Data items
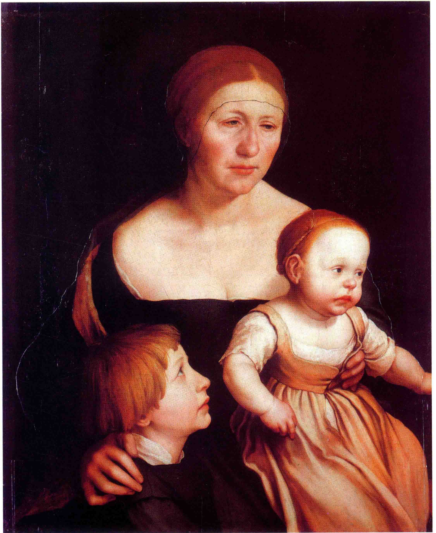
艺术家的家庭 1528年 纸上 油画 77cm×64cm
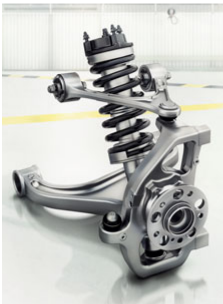
Train de roulement sport RIDE CONTROL AMG.
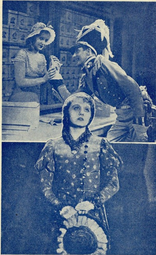
Imagens de «O Congresso que Dança» e «Opera de 4 vintens».
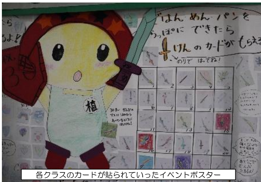
各クラスのカードが貼られていったイベントポスター
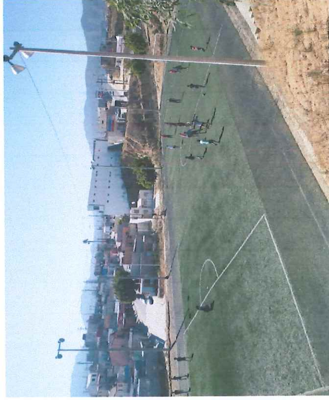
Misiones de la Presa
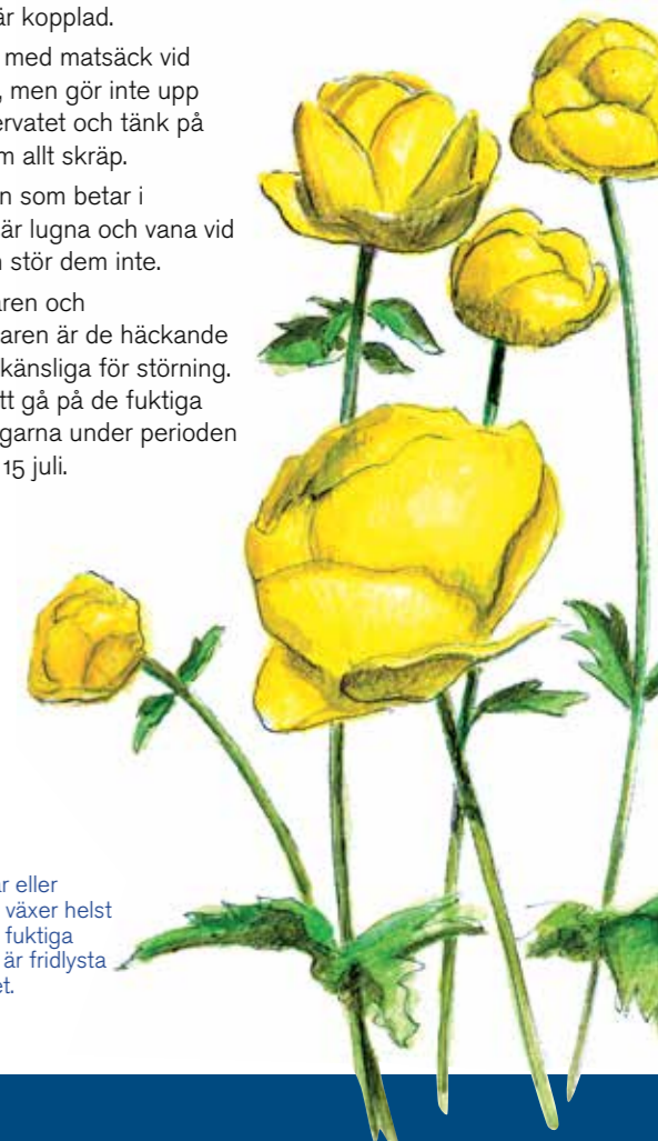
Smörboll eller daldockor växer helst på öppna, fuktiga ängar. De är fridlysta i hela länet.
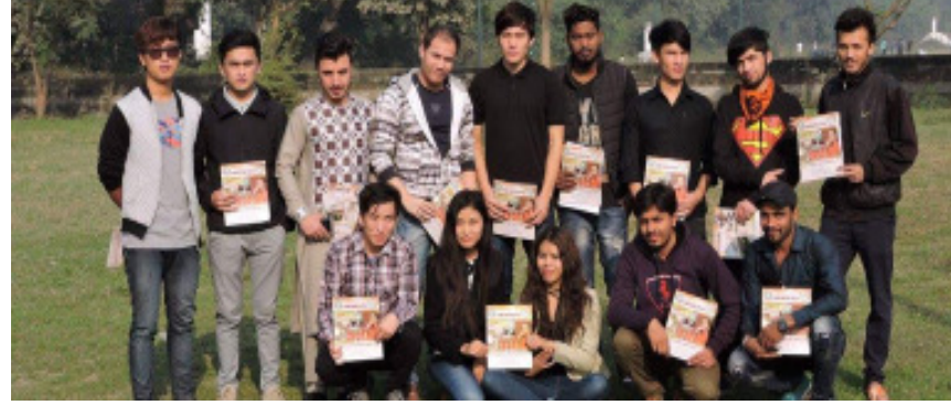
अन्तर्राष्ट्रीय छात्र समूह
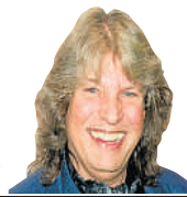
José Mercé cantor 56
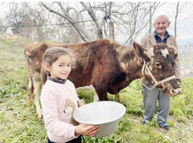
مشروع البقرة الحلوب في البانيا

العتاء والإنتاج. ودعا الشقراء، أهل الخير إلى دعم المشاريع التنموية التي تعمل على القضاء على الفقر بشكل جذري وفعال.
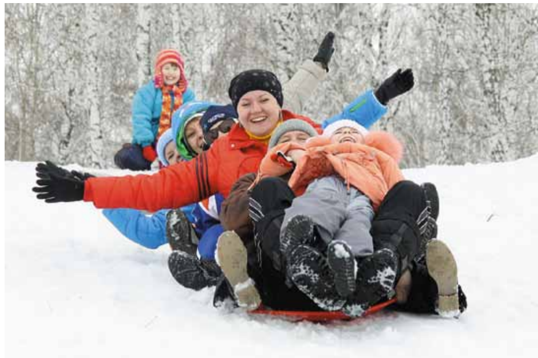
Год здоровья провожают не только работники компании, но и члены их семей

Собственно, так и формулировалась задача: задать мотивацию к здоровому образу жизни у каждого работника – от линейного трубопроводчика на трассе до ведущих специалистов в администрации. Был предложен целый комплекс мер по профилактике соци-
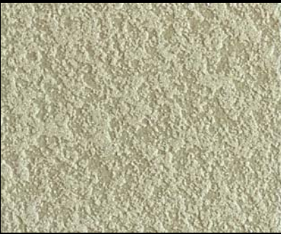
Fondo di Quarzo + Toner № 514 - 1cc
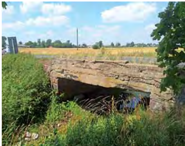
Most w Bąkowie od dawna wymaga gruntownego remontu.

Powiat otrzymał na ten cel dotację w wysokości 1 195 000 złotych z Ministerstwa Infrastruktury. Chodzi o środki finansowe, pochodzące z programu modernizacji tego typu obiektów. W ramach programu można było ubiegać się o dotację w wysokości 50% kosztu modernizacji. Po rozpatrzeniu wniosków okazało się, że środków na dofinansowanie Ministerstwo posiada więcej niż chętnych ubiegających się o ich przyznanie, dlatego ostatecznie kwotę tę zwiększono do 66%, czyli wspomnianego 1 195 000 złotych.
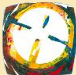
Logotip slovenskega evharističnega kongresa

Marija, evharistična Žena, prosi za nas!
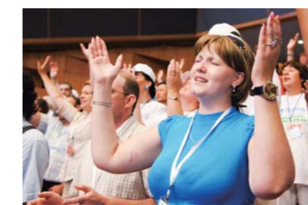
Зрители прославляют Бога

▸ **Your assignment**
Transcribe all the data word for word; the images stay out.

▸ **Solution below**
艺术家的家庭 1528年 纸上 油画 77cm×64cm
Train de roulement sport RIDE CONTROL AMG.
Imagens de «O Congresso que Dança» e «Opera de 4 vintens».
各クラスのカードが貼られていったイベントポスター
Misiones de la Presa
Smörboll eller daldockor växer helst på öppna, fuktiga ängar. De är fridlysta i hela länet.
अन्तर्राष्ट्रीय छात्र समूह
José Mercé cantor 56
مشروع البقرة الحلوب في البانيا

العتاء والإنتاج. ودعا الشقراء، أهل الخير إلى دعم المشاريع التنموية التي تعمل على القضاء على الفقر بشكل جذري وفعال.
Год здоровья провожают не только работники компании, но и члены их семей

Собственно, так и формулировалась задача: задать мотивацию к здоровому образу жизни у каждого работника – от линейного трубопроводчика на трассе до ведущих специалистов в администрации. Был предложен целый комплекс мер по профилактике соци-
Fondo di Quarzo + Toner № 514 - 1cc
Most w Bąkowie od dawna wymaga gruntownego remontu.

Powiat otrzymał na ten cel dotację w wysokości 1 195 000 złotych z Ministerstwa Infrastruktury. Chodzi o środki finansowe, pochodzące z programu modernizacji tego typu obiektów. W ramach programu można było ubiegać się o dotację w wysokości 50% kosztu modernizacji. Po rozpatrzeniu wniosków okazało się, że środków na dofinansowanie Ministerstwo posiada więcej niż chętnych ubiegających się o ich przyznanie, dlatego ostatecznie kwotę tę zwiększono do 66%, czyli wspomnianego 1 195 000 złotych.
Logotip slovenskega evharističnega kongresa

Marija, evharistična Žena, prosi za nas!
Зрители прославляют Бога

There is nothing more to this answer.